La battaglia per la separazione delle carriere è, probabilmente, una lotta di retroguardia, stantia, inutile come, in fondo, finisce per riconoscere lo stesso ministro Nordio quando afferma che la separazione delle carriere sarebbe stata consustanziale al Codice Vassalli del 1988, imposta dal rito accusatorio. Quarant’anni di ritardo sono un gap incolmabile, un distacco irrecuperabile come proporsi di dissalare le falde di quella sfortunata città del Sud. Ha ragione qualche prestigioso pubblico ministero quando pretende di sottrarsi alla valutazione circa l’esito dei propri processi affermando che si è limitato a formulare richieste di cattura o di condanna e che sono stati i giudici a procedere, ad ammanettare, a condannare. È un gesto, sia consentito dirlo, di una qualche onestà intellettuale che, tuttavia, evidenzia quando convergenti siano ormai la cultura inquirente e quella giudicante, quanto profonda la contaminazione che si è realizzata in questi decenni nell'approccio al processo e alle sue finalità. E questo non è il frutto della sbandierata volontà egemonica di cui si accusa una parte della magistratura o di mere suggestioni mediatiche (al limite, spesso, dell’adorante propaganda) in favore di certi uffici o di singole toghe.
L’emergenza, le emergenze hanno inevitabilmente chiamato tutti alle armi, pubblici ministeri e giudici, rendendo lasco, flou, il controllo giurisdizionale e, si ripete, non per connivenza o soggezione, ma per il peggiore dei pasticci: per una condivisione intima nella lettura storica, sociale, politica e criminale della società italiana resa capillare dall’attività indispensabile delle correnti e dalla stessa formazione curata dalla magistratura nelle sue articolazioni centrali e periferiche.
La giurisdizione è un cuore pulsante, un apparato vitale in continua evoluzione, un centro spesso raffinato di elaborazioni anche complesse cui la governance politica del paese ha assegnato una centralità che, ora ( e non solo ora), spaventa, mette in fibrillazione, inquieta i reggitori politici dello Stato.
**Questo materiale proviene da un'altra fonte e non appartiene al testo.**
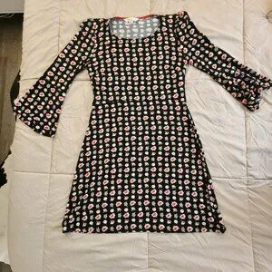 Boden Miriam Jersey Tunic Dress Midi Bell Sleeve Black Floral

Insomma la magistratura ha un’ideologia nel senso più alto e nobile del termine che, poi, è anche la fonte delle degenerazioni autarchiche che si sono scoperte dopo decenni di tolleranza con l'accettazione di selezioni e cooptazioni opache.
L’omologazione dei criteri di interpretazione delle prove, l’affermazione di protocolli sanzionatori a maglie larghe come le misure di prevenzione, la tendenziale annessione di porzioni autorevoli e apicali della magistratura inquirente nelle strutture di sicurezza governativa, il successo dei modelli culturali e mediatici di interpretazione delle mafie, della corruzione costituiscono un plesso difficile da espugnare o anche solo riorientare.
La separazione per Costituzione delle carriere che - come ricorda l’Anm - si è di fatto realizzata con il diradarsi negli anni delle trasmigrazioni dal ruolo giudicante a quello inquirente, non è solo opinabile, ma a questo punto in larga misura anche inutile. Potrà soddisfare le istanze egalitarie dell’avvocatura penale, mitigare qualche contiguità di troppo, recare benefici tra un paio di decenni, ma non è in grado di alterare l’osmosi culturale e ideologica della corporazione. L’unica soluzione praticabile potrebbe essere quella di imporre percorsi formativi ravvicinati, se non in buona parte congiunti, tra le professioni giudiziarie in modo tale che una nuova, profonda contaminazione si possa realizzare tra tutti i protagonisti del processo penale. L’acqua resterà salata per un pezzo, ma qualche potabilizzatore si potrà pur piazzarlo.